In Larraín’s fiction, the genre of choice is reggaetón, which causes a schism between Ema and Gastón. The latter, from a classist perspective, sees it as a vulgar display of eroticism. The actress remembers this subject was often a point of contention when presenting the film abroad. Some viewers would cheer at Gastón’s tirade against this musical style. In Chile, however, reggaetón is immensely popular, so much so that Santiago was recently named the “world capital of reggaetón” by music streaming service Spotify. Di Girólamo, for her part, understands some of the arguments against it but considers herself a fan.
“I was part of the reggatón generation. I went to see Daddy Yankee and Don Omar in concert, ‘Duelo de Maestros,’ and I would drop it all the way down on the dance floor. But now new female voices have emerged that speak to women, because in the past many of the lyrics and the music videos objectified us and now there’s no room for that,” she said. “I’m a feminist and I can dance to a song by Daddy Yankee at the club, but I won’t listen to it while I’m studying. It’s a type of music that invites me to dance but that’s it.”

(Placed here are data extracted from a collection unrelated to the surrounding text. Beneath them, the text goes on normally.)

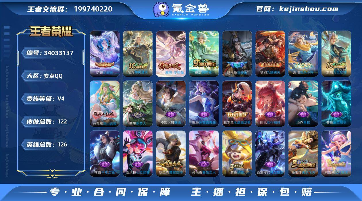 编号A01917可二次(精品小号) V4 122皮肤 1典藏 3传说 幻阙歌 愿照·岁时盈 踏浪烽翎 九幽镇关 鸣野蒿 神树通天 鹤鸣心笺 织梦人 涂山容容 幽灵船长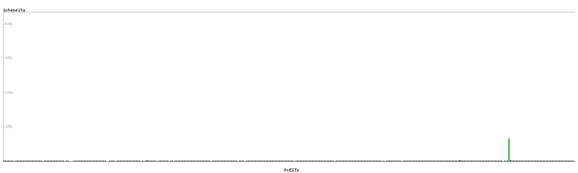 At the top of the view, the position of the antigen (identified by the corresponding HPA identifier) is shown as a green bar. A yellow triangle on the bar indicates a <100% sequence identity to the protein target.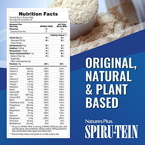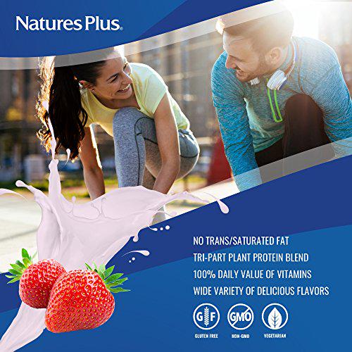 NaturesPlus SPIRU-TEIN Shake - Strawberry - 2.4 lbs, Spirulina Protein Powder - Plant Based Meal Replacement, Vitamins and Minerals for Energy - Vegetarian, Gluten-Free - 32 Servings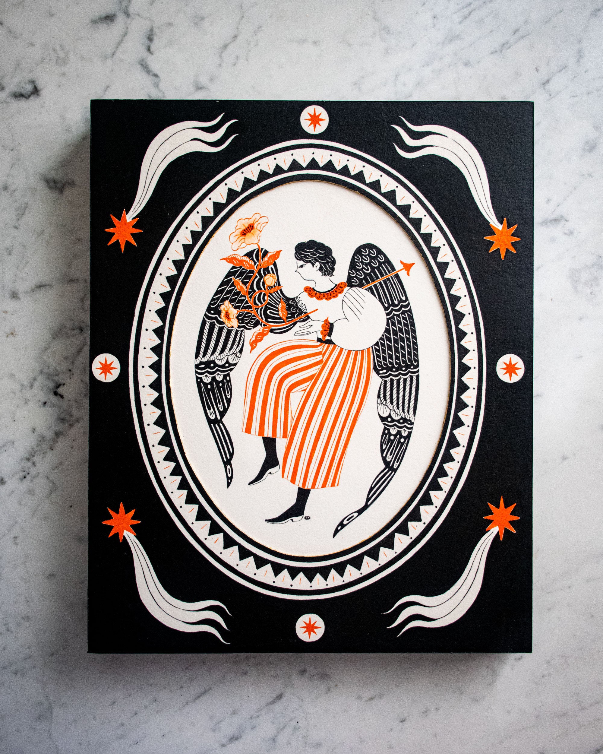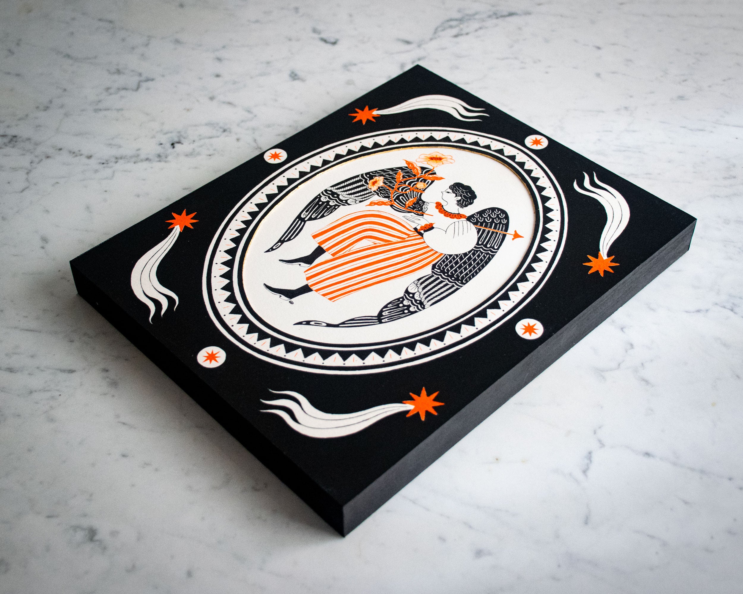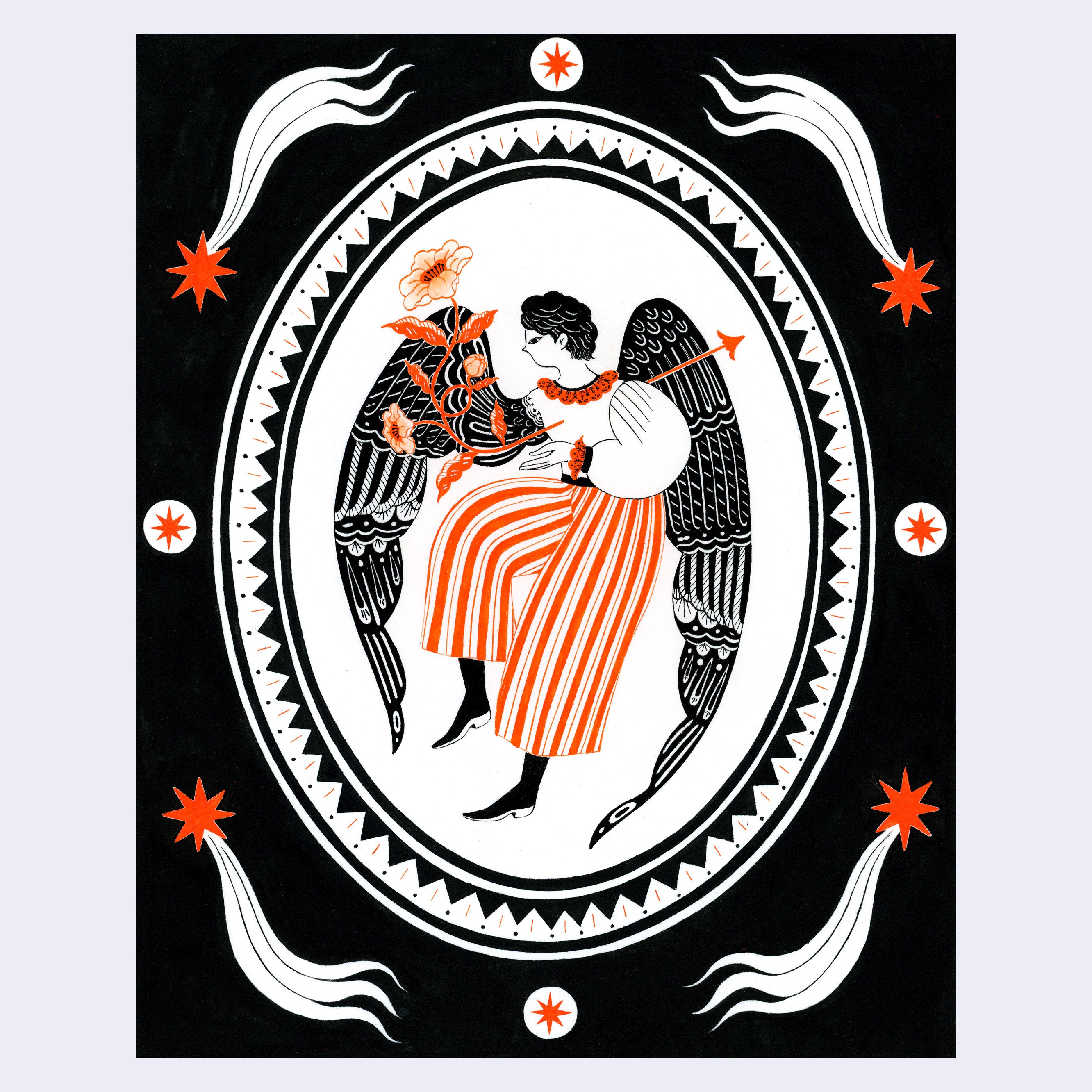 Dip pen and sumi ink illustration on watercolor paper, which was then mounted on a wood panel, and embellished with gold leaf.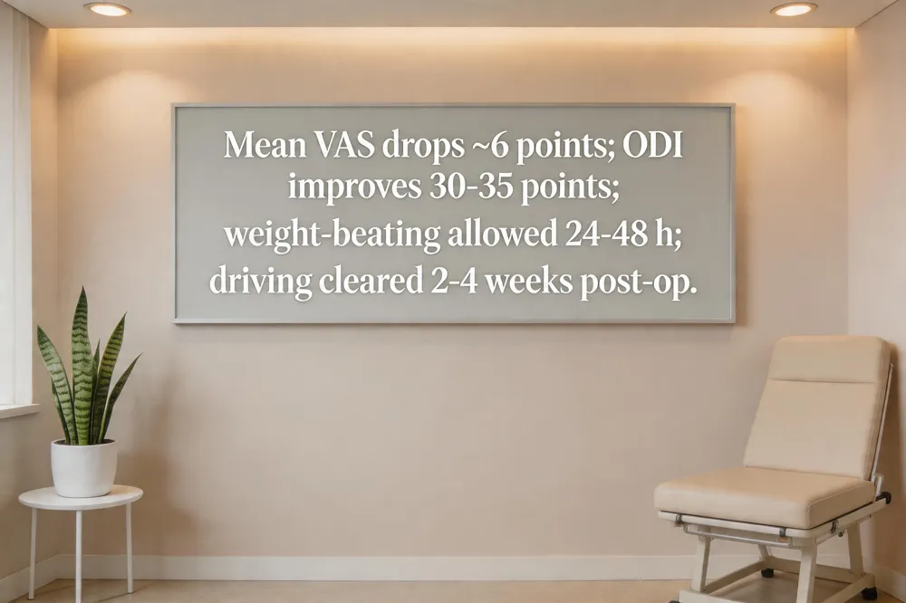 Minimally invasive sacroiliac (SI) joint fusion yields rapid and durable pain relief. In a 43‑patient series, Mean VAS pain reduced from 7.52 ± 1.3 pre‑op to 1.43 ± 1.22 at 12 months (p < 0.05) and functional disability improved by roughly 30‑35 ODI points on the Oswestry Disability Index (ODI). Radiologic fusion rates: 61% at 6 months, 96.4% at 12 months, 100% at 18 months support the clinical gains.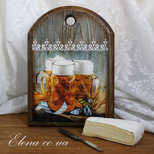 Доска из натурального дерева оригинальной формы поможет красиво подать нарезки и закуски к пиву и не только.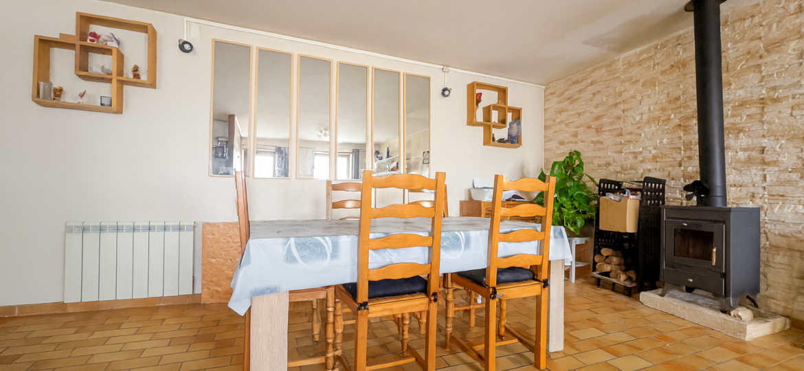 Vous serez séduit dès l’entrée par un salon séjour équipé d’un poêle à bois, ouvrant sur une cuisine aménagée et équipée
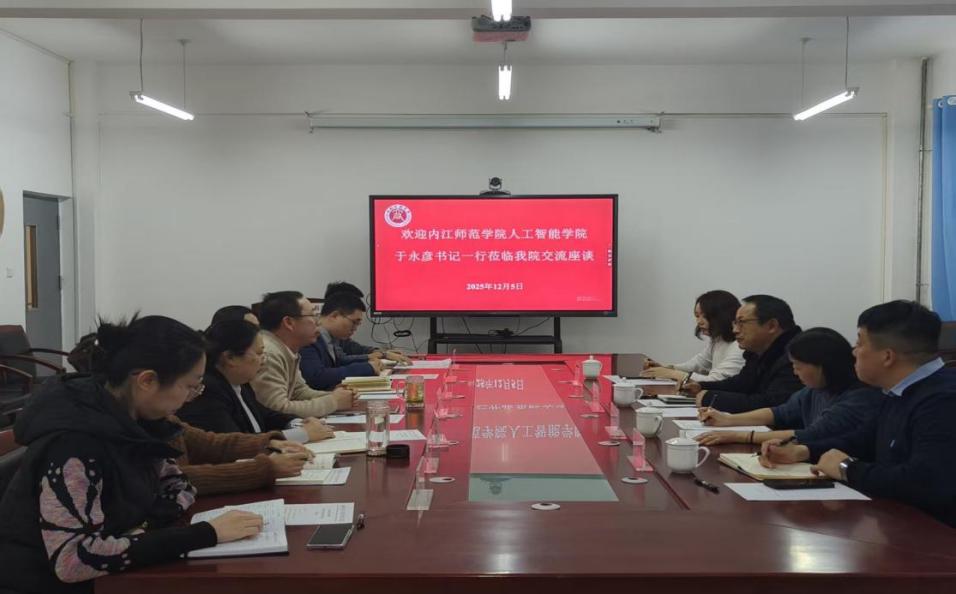 为深化校际合作、共探人才培养新路径,2025年12月5日,内江师范学院人工智能学院党委书记于永彦一行到访我院,参加交流座谈会。会议由计算机与网络工程学院党委书记马云波主持。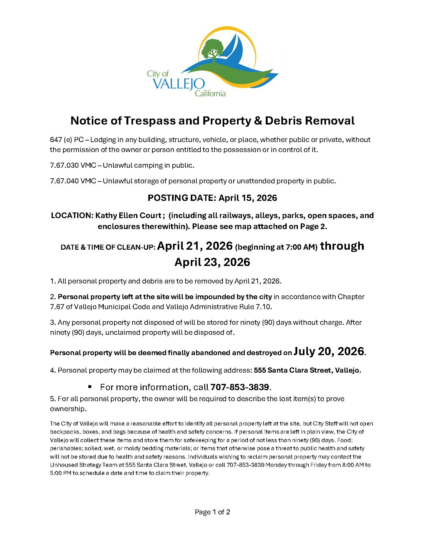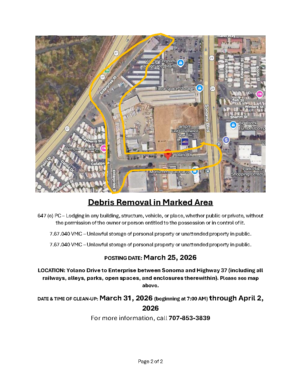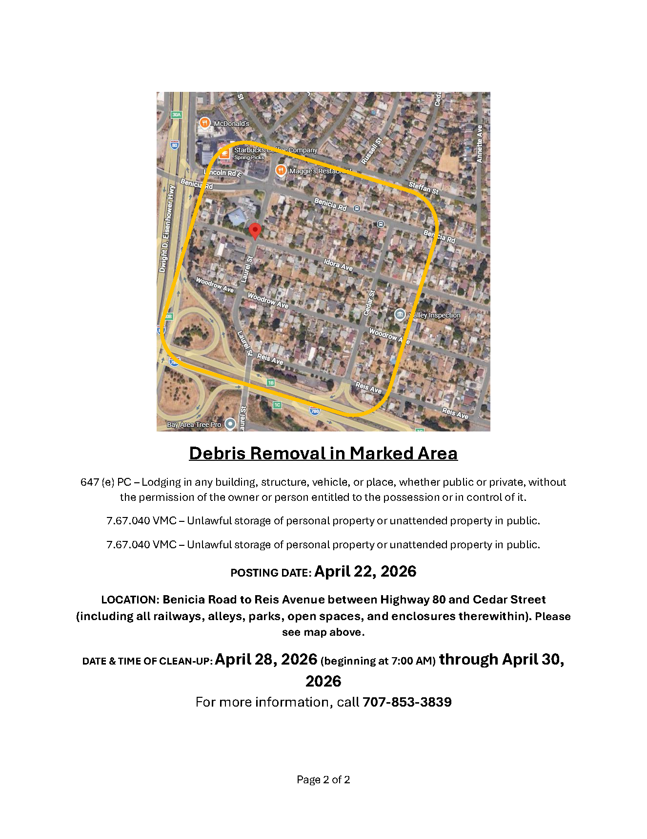Notice of Trespass and Property & Debris Removal- Benicia Rd to Reis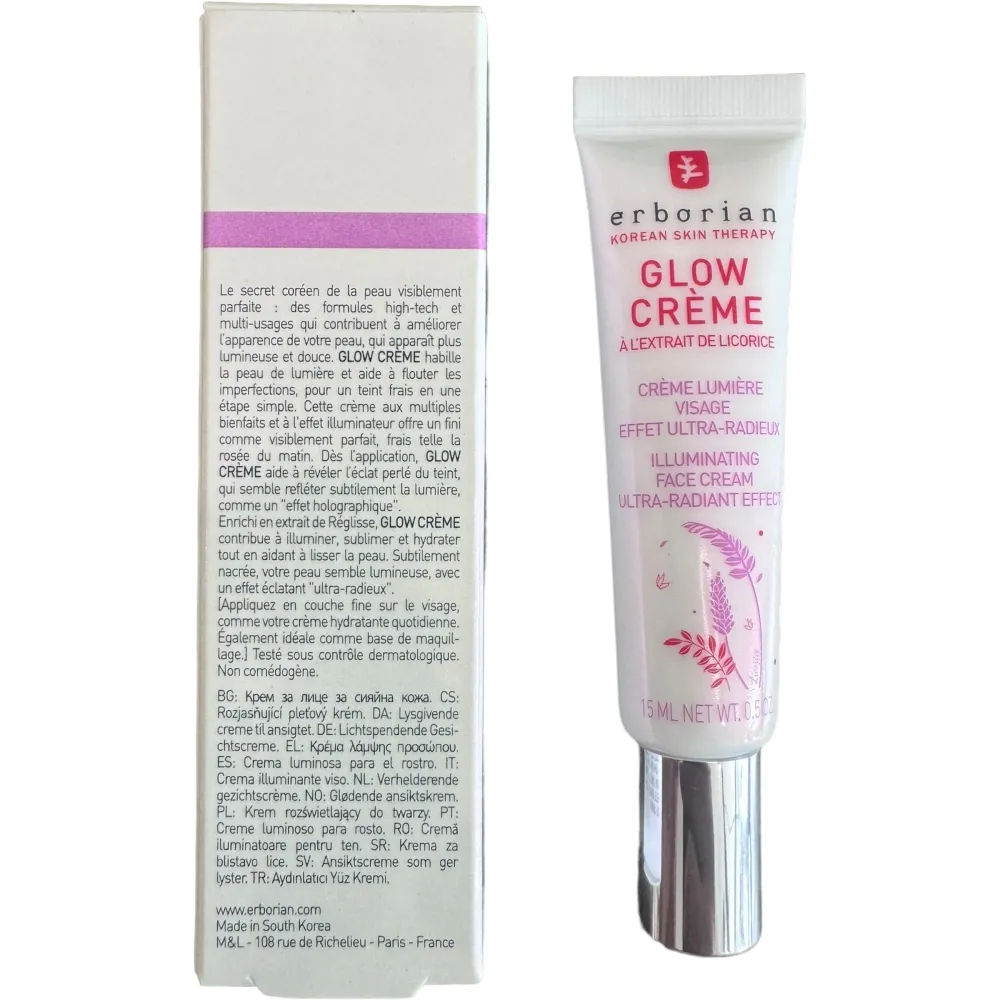 Глоу крем Эрбориан – основа под макияж для ежедневного применения. Средство визуально выравнивает рельеф кожи, обеспечивает омолаживающий эффект. Крем имеет легкую текстуру, становится прозрачным после нанесения на кожу. Вытяжки на основе растительных компонентов замедляют процесс старения. Активные компоненты питают эпителий витаминами и полезными веществами.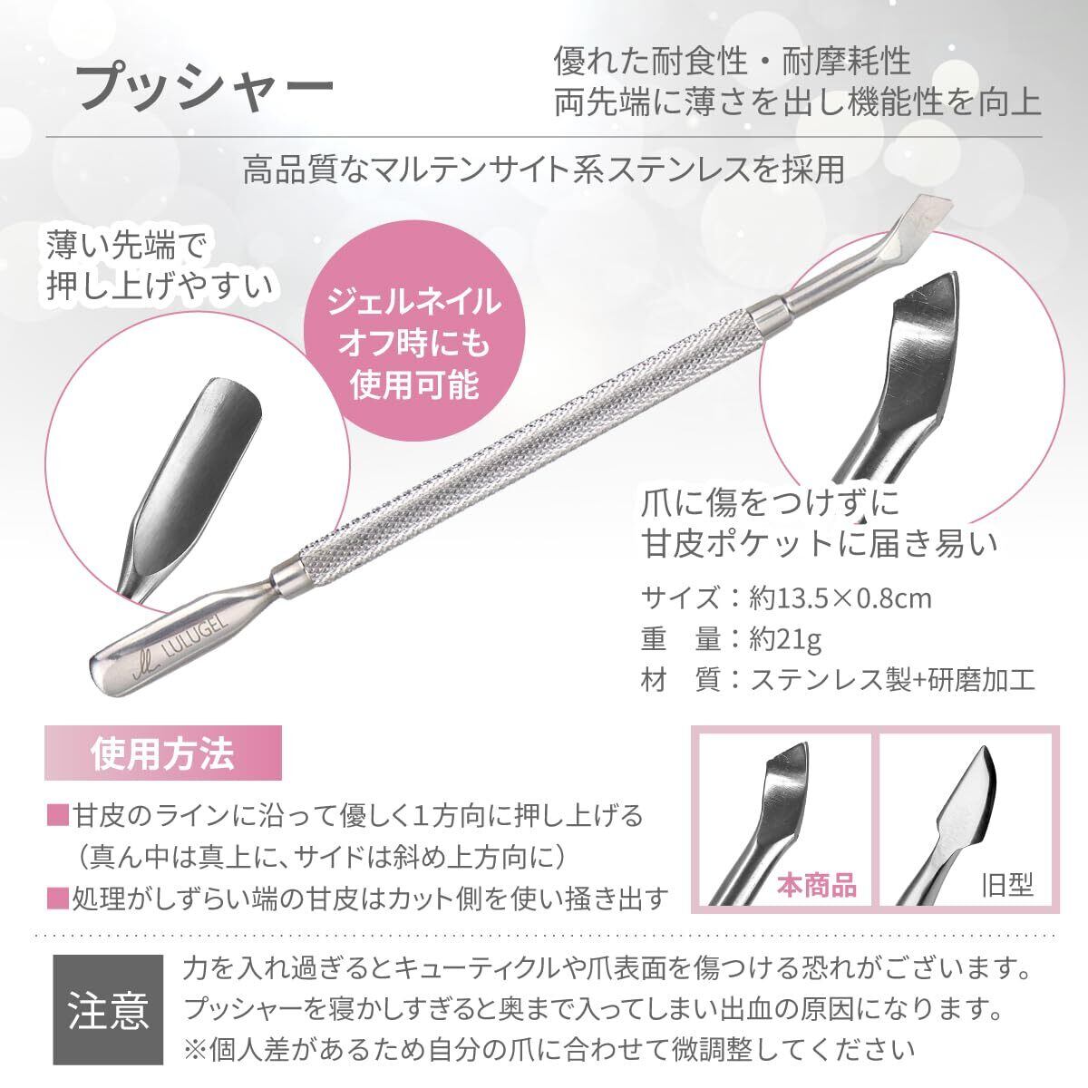 【キューティクルプッシャー】多くのネイリスト達の要望を叶えた形状となっており、かきだす、はぎとる、穿り出す、押し上げるなどの動作が繊細にできる特徴を持つネイル プッシャーです。キューティクルリムーバー(cuticle remover)を使わなくても極薄な構造になっているため甘皮を容易に押し上げることができる甘皮 プッシャーです。ネイル 甘皮処理、プッシャー ネイルはLULUGELにお任せください。
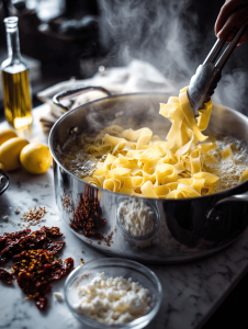 Step 1: Fill a large pot with water, salt generously, and bring to a rolling boil at 100°C (212°F).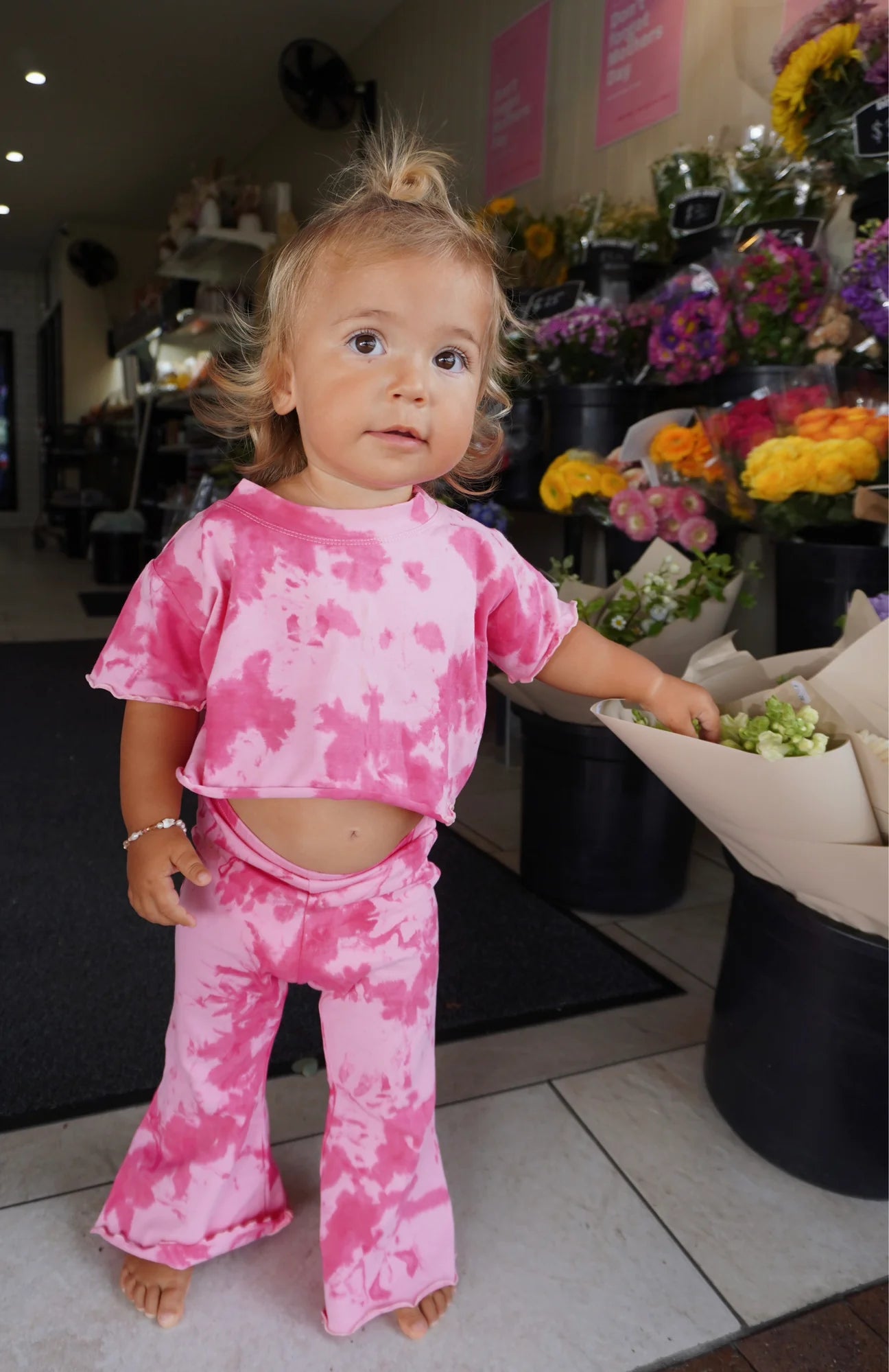 The cutest pink tie dye stretch cotton tee...even cuter with our matching Jaya bells or bloomers! Slightly cropped boxy cotton tee with lettuce hem details.
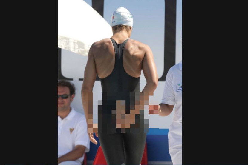 Atlet renang Itali, Flavia Zoccari berdepan dengan insiden memalukan berikutan kostumnya koyak sehingga menampakkan sebahagian punggungnya, pada Sukan Mediterranean, 2009.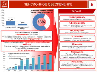 В принятых реформах было одно ключевое положение, в закреплении которого главная роль принадлежала фракции КПРФ: государство брало на себя обязательство ежегодно в феврале месяце увеличивать страховую пенсию на уровень инфляции прошедшего года. Но это положение проработало только год и было приостановлено партией власти. В этой связи, несмотря на 12,9% инфляции в 2015 году, в 2016 году пенсии были проиндексированы лишь на 4%.

The release of the film in Chile coincided with the country’s social uprising, beginning with the October 2019 protests against the rampant economic inequality and government corruption. In that context, Ema’s destruction of the establishment, setting a traffic light or a bust on fire, took on more potent symbolism. Around this time, Chilean women reinvigorated the fight against sexual violence and femicides across Latin America with “El vilador eres tu” (“The rapist is you”), a powerful performance created by Valparaíso feminist collective Las Tesis. A new order was being forged in and outside the cinema.
“I think Ema would have been at the forefront of those protests. She would have been there wearing goggles and using her blowtorch to burn down institutional buildings,” expressed Di Girólamo. “Or perhaps she would have been doing performance art and being provocative the way she knows how to.”
For Di Girólamo, Ema’s fraught relationship to maternity makes her a beguiling figure—first a parent who couldn’t handle her chosen son and later as a scheming siren unwavering in her desire to bear offspring. Given her identity as a dancer, an anarchist, a dissident, a marginalized individual, a feminist, and a pansexual woman, upholders of the patriarchy wouldn’t see her as an “ideal” mother. But those conventions won’t stop her. Instead of judging her motives and means, the actress admires how in her eyes, men don’t matter. They are simply there to help her achieve her goals.
“Ema will never be satisfied, not even with this family she’s made or even with more children,” Di Girólamo said. “She is voracious, insatiable, and she is probably out there in the world interfering in the lives of others and dancing, which is what she does best.”